Насчет «поздней музы» Пастернака вполне с Вами согласен. Я вообще не такой уж очень большой его почитатель, но за судьбу его тревожусь чрезвычайно. Ведь так его и до самоубийства могут довести: и чего он не уезжает, благо выпускают!? Разве Россия ему родина! Такие люди должны были бы чувствовать себя Weltburger’aми [196]. Раньше говорили: «патриот своего отечества и подлец собственной жизни». Обжились люди на советчине, как птицы в клетке: выпускают — не улетают, привычной кормушки жалко и на свободе непривычно. Судя по всему, Пастернак не испытывает достаточного отвращения к советскому строю.

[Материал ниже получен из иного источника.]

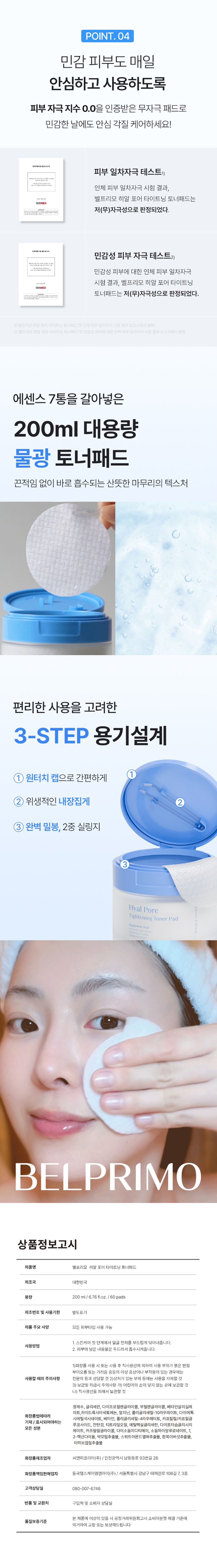 [벨프리모] 히알 포어 타이트닝 토너 패드(200ml / 60매)
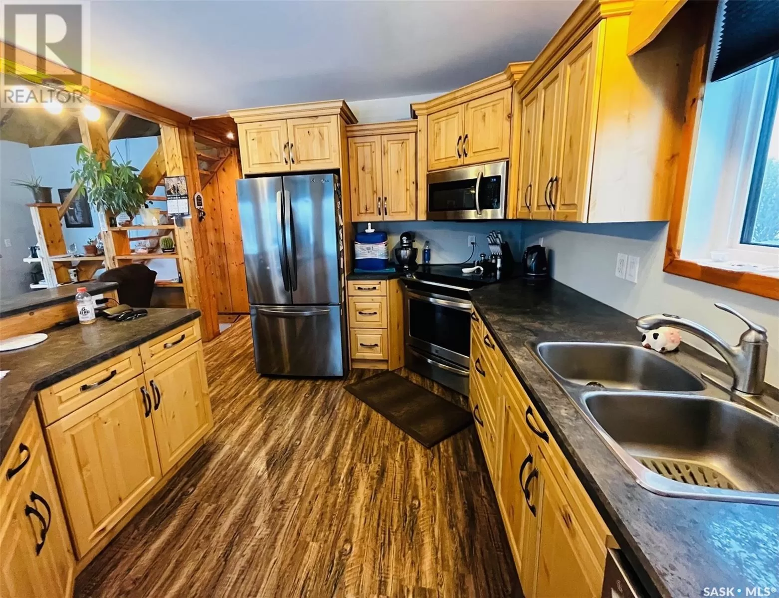 SW-05-30-06 W2 (Parcel #142587872) Experience peaceful country living at its finest on this stunning 160-acre property located just minutes west of Good Spirit Provincial Park and approx. 60km NW of Yorkton SK. This acreage has a good mix of cultivated lands for production, fenced land for livestock, and is a perfect haven to enjoy nature and wildlife. The 1623/SF home fits nicely into its surroundings with large windows that fill the home with natural light as well as huge deck with great views of the outdoors. The home was built in 2010, creating a multi-level home with plenty of loft space and updates. The main level features a bright and open kitchen dining area with island and stainless-steel appliances, an updated 4-piece bathroom and bedroom. Added features to the home include in-floor and radiant heating, spray foam insulation, metal roof and updated 3-pane windows. The second level has a large living room area with 2 large bedrooms and bonus loft area that can be used for an additional bedroom or for other use. Basement level has a 4th bedroom, with large recreational room, 3-piece bathroom, laundry/utility and cold room area. The house also includes a 30x26 double attached garage with in-floor heating and direct entry to the home. The home has wood shop with exterior wood burning boiler system to heat through in-floor and radiant heating system. This property also boasts an additional 25x18ft detached garage and workshop area, a large 40x60ft metal pole shop to store all your toys and machinery, as well as a 26x40ft barn with overhead door access as well as an overhead door leading into the livestock holding area. These buildings are ideal to house cattle, horses, or hobby farm activities. Owner also indicated the area has had good aggregate content, but not all areas of this property have been mined. Contact list agent for more details and to book your private viewing. (id:27476)
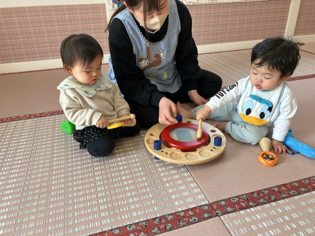 楽器遊びをしている様子です。先生が「トントントン」とやってみせると真似をして、色々な音を聞いて楽しんでいました♪お部屋中に素敵な音色が広がっていましたよ!
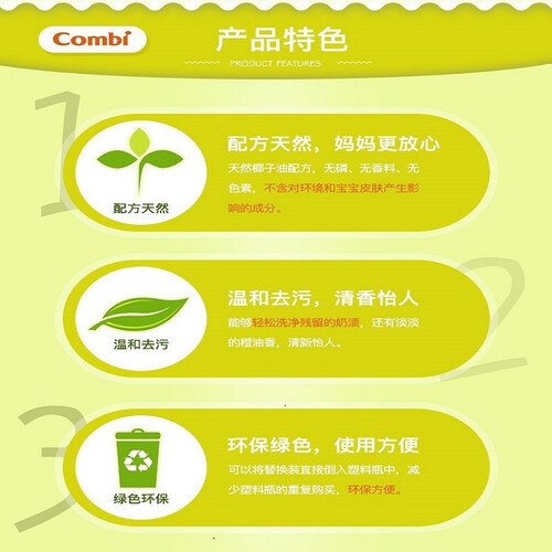 康贝婴儿奶瓶清洗液,天然椰子油配方,无磷无香料无色素,不含对环境和宝宝皮肤产生影响的成分。淡淡橙油香,清新怡人。
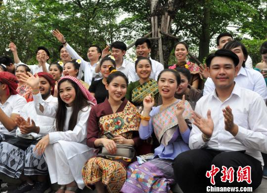 中新网崇左4月12日电(记者 黄艳梅)2018年“壮族三月三·相约游广西”暨崇左花山国际文化旅游节12日在中国最“壮”的城市广西崇左市开幕。来自泰国、老挝、柬埔寨、越南、也门等国家的留学生参与狂欢,共度壮乡民俗盛宴。
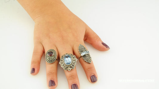 Vintage Art Deco Silver Ring Topaz Marcasite Sterling Blue Size 6.5

Сборника стихов Г. Иванова не имею, но знакомые сообщили мне любопытную цитату из предисловия Гуля: «Даже как адвокату Г. Иванова, положа руку на сердце, мне не пришлось отрицать преступлений (подчеркнуто мною. — Д. К.) моего подзащитного и я только просил о некотором милосердии» [197]. Не странно ли и не многозначительно ли, что даже самые убежденные почитатели Г. Иванова испытывают потребность его оправдывать? Не свидетельствует ли это о том, что и для них в Г. Иванове что-то неблагополучно и это в конечном счете, несмотря на все восторги, не дает им покоя?
Очень понравилась мне книга рассказов Л. Зурова «Марьянка» [198], присланная мне автором. А что с книгой Моршена? Неужели опять поломалось? Жду ее с нетерпением, тем более что она, как я слышал, снабжена Вашим предисловием.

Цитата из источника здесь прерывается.